▶ **WHAT IS EXPECTED**: For this listing, reproduce the line with "Score de solvabilité", the line with "Syrads Pochette in", and the lines between, exactly as they stand. Leave out pictures and all other lines.

== == ==

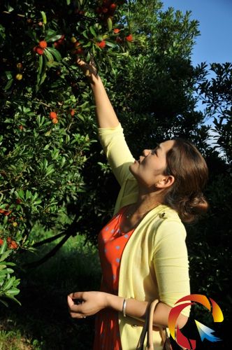 6月17日,雷山縣望豐鄉一年一度的楊梅節開幕,一名游客在采摘楊梅。
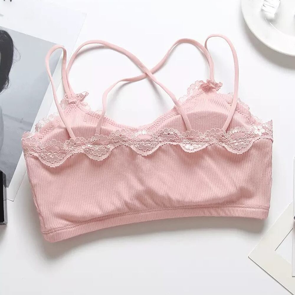 レース キャミブラ カップ付き ブラトップ ショート丈 キャミソール
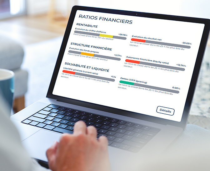 Score de solvabilité financière, Recommandation de crédit maximum, Tendances sectorielles & pays, Suivi du comportement de paiement... accédez à des indicateurs faciles à lire, pour vérifier en toute confiance la solvabilité de vos clients et sécuriser votre trésorerie.
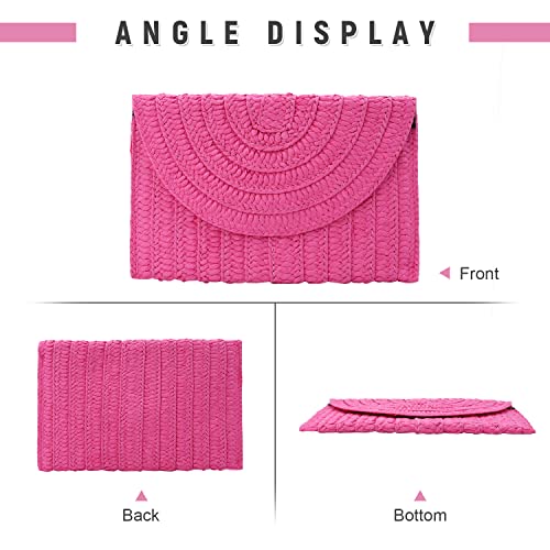 Syrads Pochette in paglia per donna Pochette estiva Pochette da spiaggia Pochette da spiaggia Borsa da spiaggia,Rosa rossa
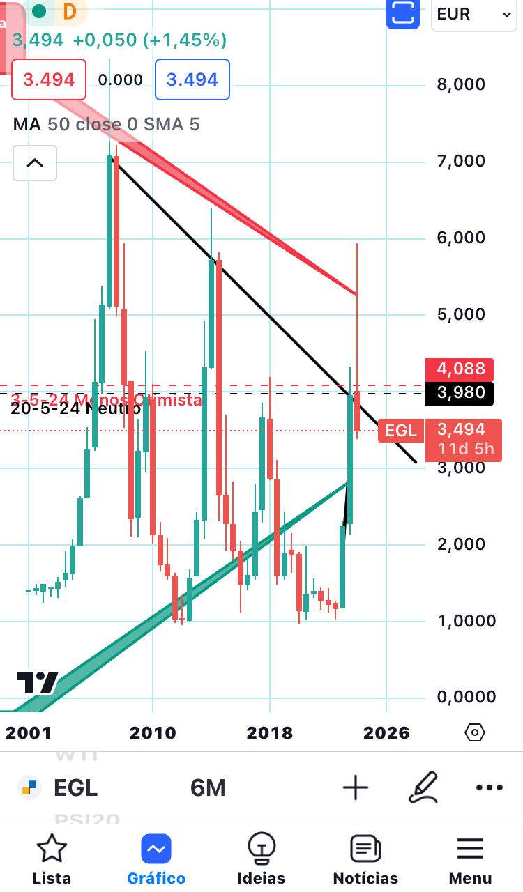 Este é o gráfico semestral da EGL. Não apaguei as outras coisas do gráfico, mas o que importa no que vou dizer é a última candlestick. Acho que o que acontecer até ao final do mês pode ser muito importante, pois é o fecho da candlestick. A candlestick neste momento não parece positiva, mas se o preço subir até ao fim do mês, a situação pode mudar

== == ==

▶ **RESULT**:
 Score de solvabilité financière, Recommandation de crédit maximum, Tendances sectorielles & pays, Suivi du comportement de paiement... accédez à des indicateurs faciles à lire, pour vérifier en toute confiance la solvabilité de vos clients et sécuriser votre trésorerie.
 Syrads Pochette in paglia per donna Pochette estiva Pochette da spiaggia Pochette da spiaggia Borsa da spiaggia,Rosa rossa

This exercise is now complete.